WHAT YOU ARE ASKED TO DO: Repeat the listing below verbatim, without its images.

RECORDED INFORMATION:
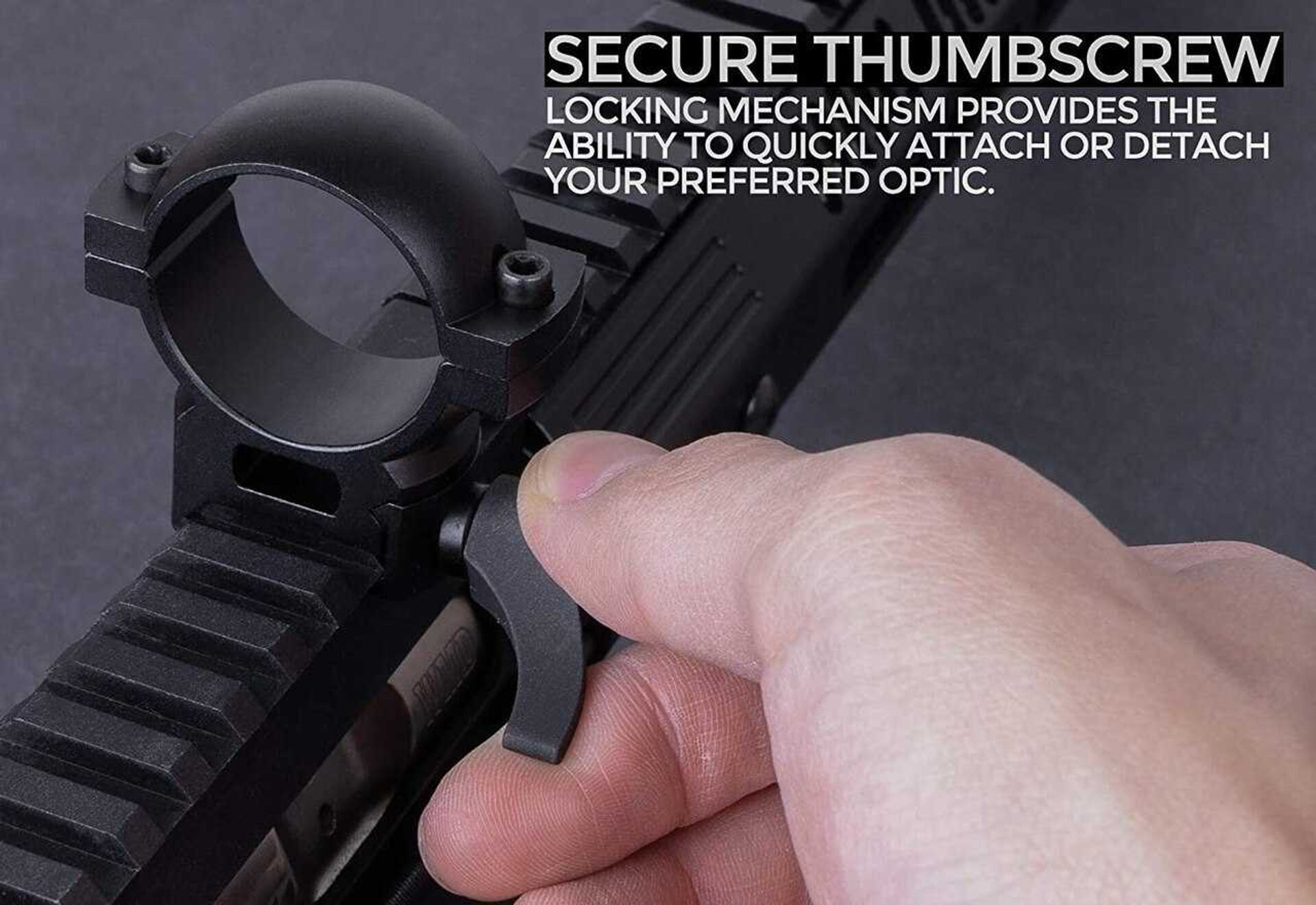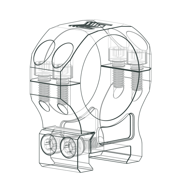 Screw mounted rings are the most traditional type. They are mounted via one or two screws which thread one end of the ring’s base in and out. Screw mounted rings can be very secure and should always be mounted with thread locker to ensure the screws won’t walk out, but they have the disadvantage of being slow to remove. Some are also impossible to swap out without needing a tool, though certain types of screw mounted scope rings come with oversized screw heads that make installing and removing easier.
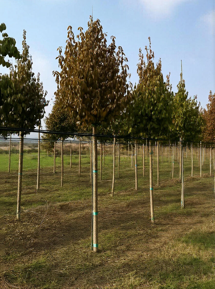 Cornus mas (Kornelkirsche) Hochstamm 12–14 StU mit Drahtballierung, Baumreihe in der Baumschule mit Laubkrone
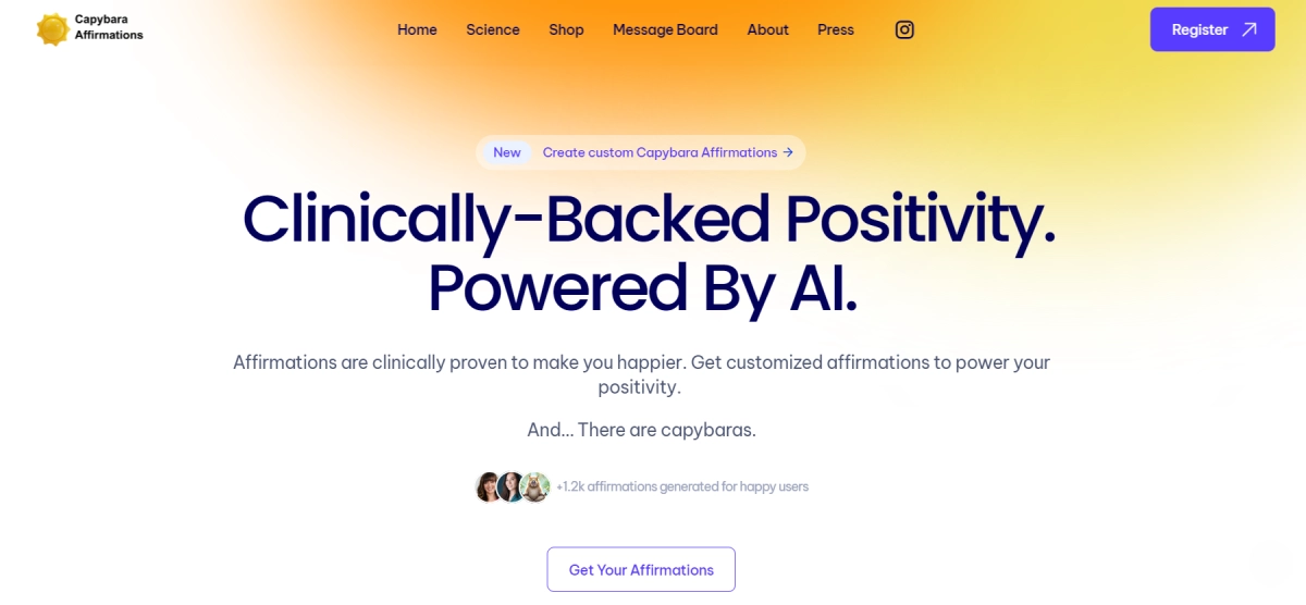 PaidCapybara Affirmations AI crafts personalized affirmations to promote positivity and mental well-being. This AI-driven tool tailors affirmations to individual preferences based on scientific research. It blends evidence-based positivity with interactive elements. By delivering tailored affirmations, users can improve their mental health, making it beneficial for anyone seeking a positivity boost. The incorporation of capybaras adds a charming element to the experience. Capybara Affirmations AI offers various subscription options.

RESPONSE BELOW:
 Screw mounted rings are the most traditional type. They are mounted via one or two screws which thread one end of the ring’s base in and out. Screw mounted rings can be very secure and should always be mounted with thread locker to ensure the screws won’t walk out, but they have the disadvantage of being slow to remove. Some are also impossible to swap out without needing a tool, though certain types of screw mounted scope rings come with oversized screw heads that make installing and removing easier.
 Cornus mas (Kornelkirsche) Hochstamm 12–14 StU mit Drahtballierung, Baumreihe in der Baumschule mit Laubkrone
 PaidCapybara Affirmations AI crafts personalized affirmations to promote positivity and mental well-being. This AI-driven tool tailors affirmations to individual preferences based on scientific research. It blends evidence-based positivity with interactive elements. By delivering tailored affirmations, users can improve their mental health, making it beneficial for anyone seeking a positivity boost. The incorporation of capybaras adds a charming element to the experience. Capybara Affirmations AI offers various subscription options.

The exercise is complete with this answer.